Percussion-Optionen von Vintage B3 in Logic Pro für iPad

Vintage B3 emuliert die Key-Percussion-Funktionen der Original-B3. Die Percussion-Funktion steht nur für das obere Manual zur Verfügung. Der Effekt addiert den zweiten oder dritten Partialton zur Attack-Hüllkurve jeder Note. Dieser Perkussionston verklingt schnell, sodass nur die mit den Zugriegeln eingestellten Töne übrig bleiben.

Der Percussion-Effekt ist zwar polyphon, aber er wird immer nur ausgelöst, nachdem alle Tasten des Manuals losgelassen wurden. Wenn du also die Noten absetzt, erklingen neu angeschlagene Noten oder Akkorde mit Percussion. Wenn du legato spielst oder andere Töne des oberen Manuals hältst, wird die Percussion bei neu angeschlagenen Noten nicht ausgelöst.

Wichtig: Die Percussion-Steuerungen sind auf zwei Oberflächenbereiche aufgeteilt: Percussion und Percussion-Optionen.

Abbildung. Percussion-Optionen für Vintage B3

Parameter „Percussion Options“

  • Tasten „Percussion Polyphonic“: Bestimme das Verhalten des Percussion-Effekts.

    • Mono: Aktiviere dies, um mit jedem Tastendruck einen Mono-Percussion-Effekt zu triggern.

    • Para: Aktiviere dies, um einen polyphonen Percussion-Effekt zu triggern. Jede gespielte Note in einem Akkord, triggert den Effekt.

    • Poly: Aktiviere dies, um einen polyphonen Percussion-Effekt zu erzeugen, der erst (erneut) ausgelöst wird, nachdem alle Tasten des Manuals losgelassen wurden. Wenn du also die Noten absetzt, erklingen neu angeschlagene Noten oder Akkorde mit Percussion. Wenn du legato spielst oder andere Töne des oberen Manuals hältst, wird die Percussion bei neu angeschlagenen Noten nicht ausgelöst.

  • Schalter „Percussion Mode“: Mit „Only B“ simulierst du eine Einschränkung der Preset-Taste „B“. Wenn du auf die Percussion auch bei den anderen Presets nicht verzichten möchtest, wähle „Always“. Weitere Informationen findest du unter Verwenden der Preset Keys von Vintage B3.

  • Drehregler und Felder „Perc Slow/Fast“: Bestimme jeweils eine separate Decay-Zeit der Percussion für die unterschiedlichen Einstellungen des Time-Schalters (langsam/schnell). Wird „Perc Slow“ auf das Maximum eingestellt, erfolgt kein Percussion-Decay.

  • Drehregler und Feld „Perc Time“: Lege die gesamte Decay-Zeit fest, die die Werte für die Drehregler „Perc Slow/Fast“ skaliert.

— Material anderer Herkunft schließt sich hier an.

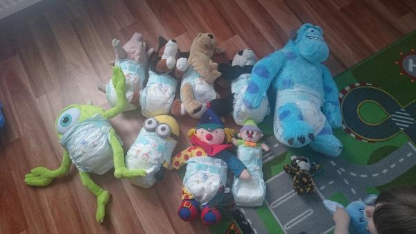 Jak kdy, podle situace. Většinou si hrajeme no a nedávno jsme pečovali o plyšáky 😀

  • Drehregler und Felder „Perc Soft/Normal“: Bestimme jeweils einen niedrigen (soft) und einen hohen (normalen) Pegel für die unterschiedlichen Einstellungen des Perc Volume-Schalters (hoch/niedrig). Dies ist eine Verbesserung gegenüber der Hammond B3, bei der „Time und „Volume“ nur ein- oder ausgeschaltet werden konnten.

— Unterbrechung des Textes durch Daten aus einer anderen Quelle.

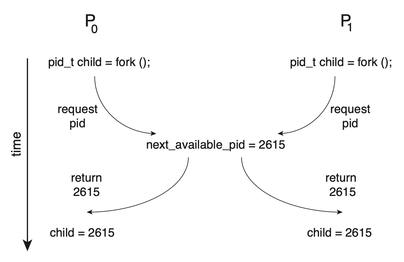 fork()创建各自的子进程。若两者并发执行,那么它们会在一个内核变量next_available_pid(字面意思)上存在竞态条件。除非使用互斥锁,否则相同的 pid 会被赋予给两个子进程。 -
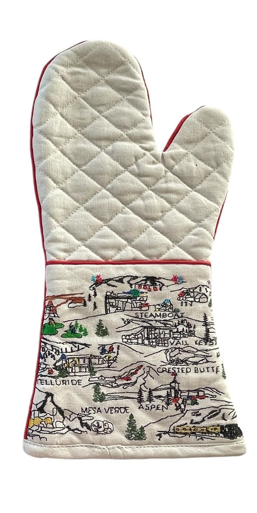 Meet Our Embroidered Skyline Oven Mitts – Where Art Meets Everyday Practicality!

  • Drehregler und Feld „Perc Level“: Lege den gesamte Percussion-Pegel fest, der die Werte für die Drehregler „Perc Soft/Normal“ skaliert.

  • Drehregler und Feld „Upper Level“: Bestimme die Balance zwischen oberem Manual (mit der Percussion) und dem unteren Manual bzw. den Pedalen. Bei der Hammond B3 steht die Percussion nur der Preset-Taste B (dem deutschen H, also der höchsten Preset-Taste) zur Verfügung. Weitere Informationen findest du unter Verwenden der Preset Keys von Vintage B3.

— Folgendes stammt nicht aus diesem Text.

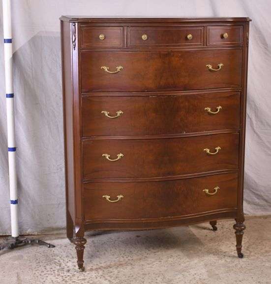 Walnut serpentine front 3 over 4 drawer chest; 14907-007

  • Drehregler und Feld „Perc Velocity“: Hier kannst du einstellen, wie sehr sich die Anschlagsdynamik (Velocity) auf den Percussion-Pegel auswirkt. Die originale Hammond B3 ist allerdings nicht anschlagsdynamisch spielbar. Wenn du Percussion auf einem B3 verwendest, wird der Pegel der normalen, nicht-perkussiven Register reduziert.